Sebuah survei terhadap pemain orkestra menemukan bahwa 64–76% Pemusik anggota sebuah orkestra memiliki RSI yang signifikan. Jenis gangguan muskuloskeletal lainnya, seperti sindrom Carpal Tunnel dan Fokal Distonia, juga umum terjadi.Sindroma Carpal Tunnel atau CTS merupakan kondisi yang terjadi akibat terjadinya jepitan saraf di pergelangan tangan. Gejala khas dari CTS adalah adanya rasa nyeri, mati rasa, kebas, dan kesemutan terutama di ibu jari, jari tengah, telunjuk, dan sebagian jari manis.

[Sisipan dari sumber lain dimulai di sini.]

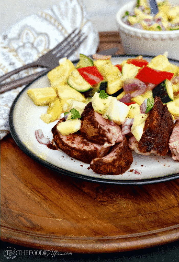 Tender pork tenderloin with pineapple salsa is a delicious contract with the cocoa dry rub. The simple fruity salsa can also me used on chicken or beef.

Sedangkan Fokal Distonia adalah gangguan kesehatan yang sering menimpa para gitaris klasik legendaris. Roman Viazovskiy adalah legenda Gitar Klasik yang terus berjuang mengalahkan penyakit ini dan nampaknya dari hari ke hari ia makin berhasil terbukti dari permainannya yang masih tetap luar biasa.Namun, sayangnya sudah hampir setahun sejak saya tulis artikel ini, saya tak lagi mendengar kabar kabar darinya dan jadwal konsernya pun seperti sangat sulit untuk ditelusuri.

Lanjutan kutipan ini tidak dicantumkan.